__Problem to solve__
Write out the listing from the line with "3.5In 0.42Oz Pre-Rigged" to the line with "11月24日,澳大利亞聯邦大", both lines included, exactly and nothing beyond. Leave pictures out.

__Data for review__
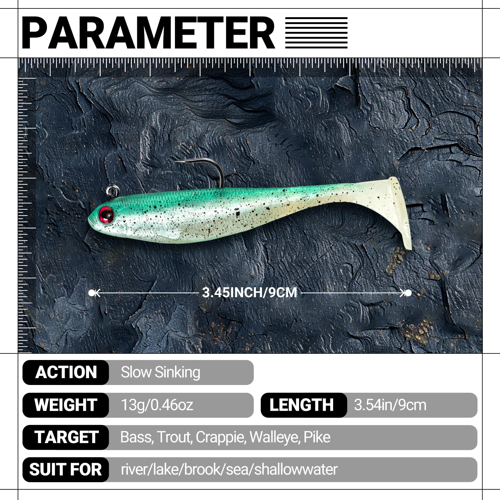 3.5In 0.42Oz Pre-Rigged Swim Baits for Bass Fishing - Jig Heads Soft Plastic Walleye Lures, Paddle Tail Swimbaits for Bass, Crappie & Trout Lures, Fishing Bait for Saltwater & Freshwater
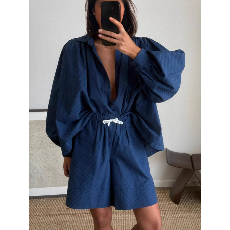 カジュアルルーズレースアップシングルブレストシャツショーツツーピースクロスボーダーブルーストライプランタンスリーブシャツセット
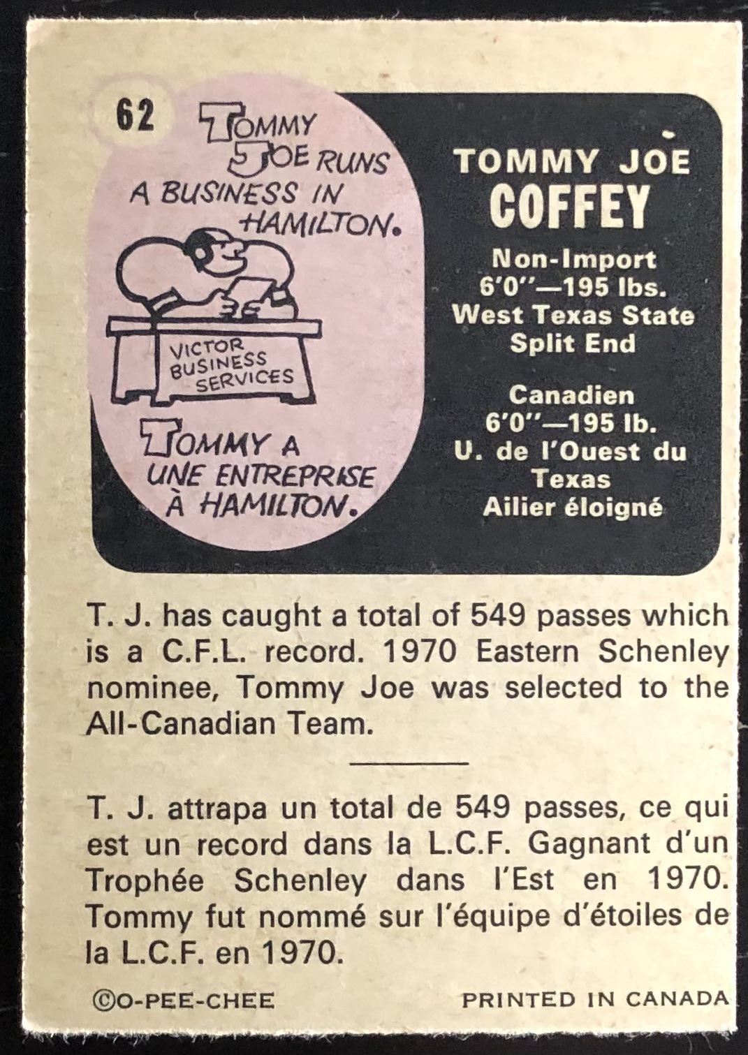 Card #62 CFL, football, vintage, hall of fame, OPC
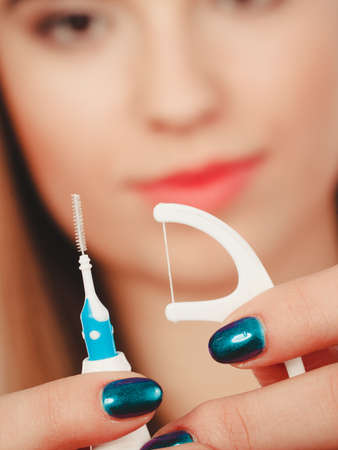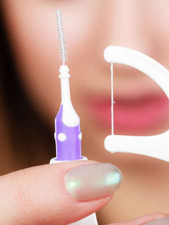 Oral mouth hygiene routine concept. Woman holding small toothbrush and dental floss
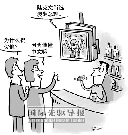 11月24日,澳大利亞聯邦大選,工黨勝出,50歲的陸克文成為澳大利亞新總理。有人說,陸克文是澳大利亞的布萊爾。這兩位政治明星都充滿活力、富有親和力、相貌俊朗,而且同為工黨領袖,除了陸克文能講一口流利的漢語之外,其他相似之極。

...

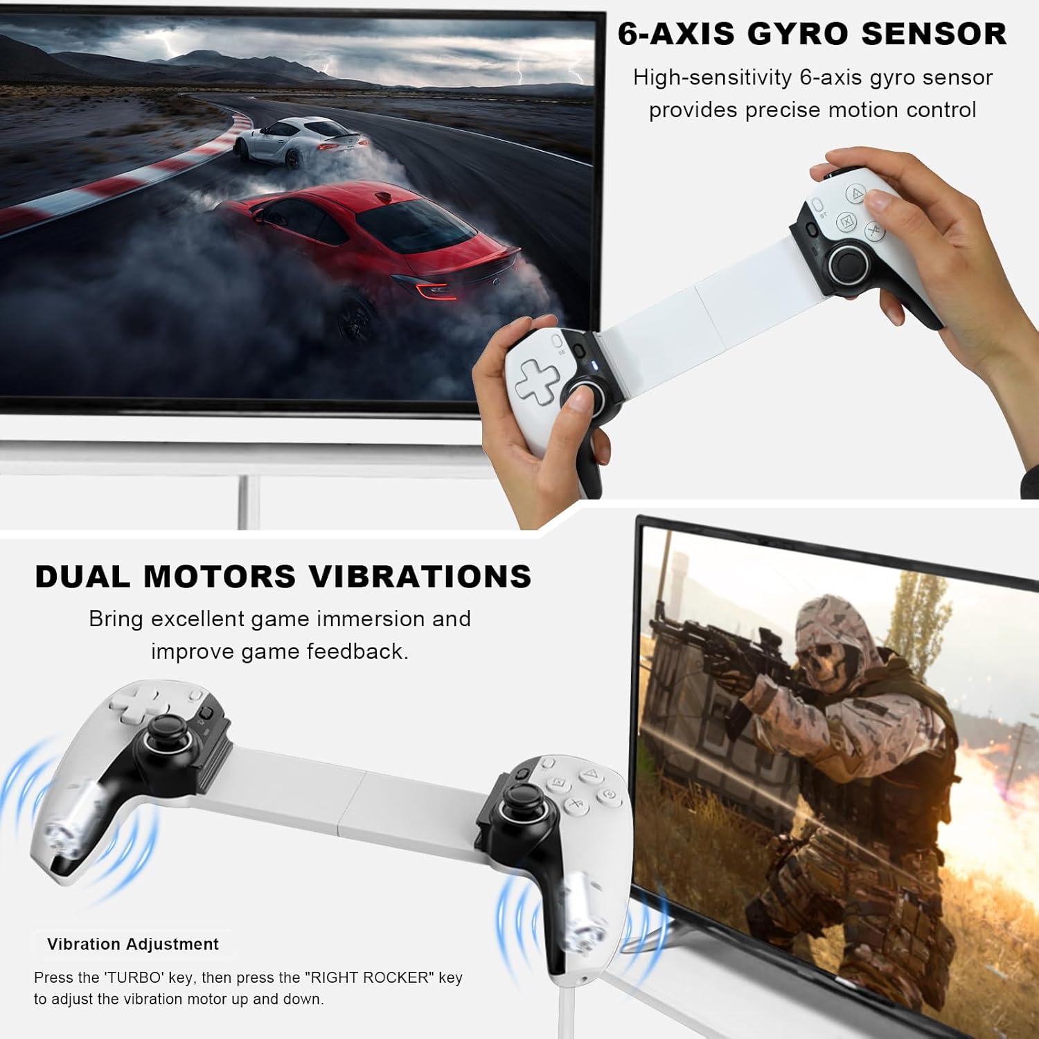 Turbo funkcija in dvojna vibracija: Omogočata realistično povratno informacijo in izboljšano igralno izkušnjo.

__Task output__
 3.5In 0.42Oz Pre-Rigged Swim Baits for Bass Fishing - Jig Heads Soft Plastic Walleye Lures, Paddle Tail Swimbaits for Bass, Crappie & Trout Lures, Fishing Bait for Saltwater & Freshwater
 カジュアルルーズレースアップシングルブレストシャツショーツツーピースクロスボーダーブルーストライプランタンスリーブシャツセット
 Card #62 CFL, football, vintage, hall of fame, OPC
 Oral mouth hygiene routine concept. Woman holding small toothbrush and dental floss
 11月24日,澳大利亞聯邦大選,工黨勝出,50歲的陸克文成為澳大利亞新總理。有人說,陸克文是澳大利亞的布萊爾。這兩位政治明星都充滿活力、富有親和力、相貌俊朗,而且同為工黨領袖,除了陸克文能講一口流利的漢語之外,其他相似之極。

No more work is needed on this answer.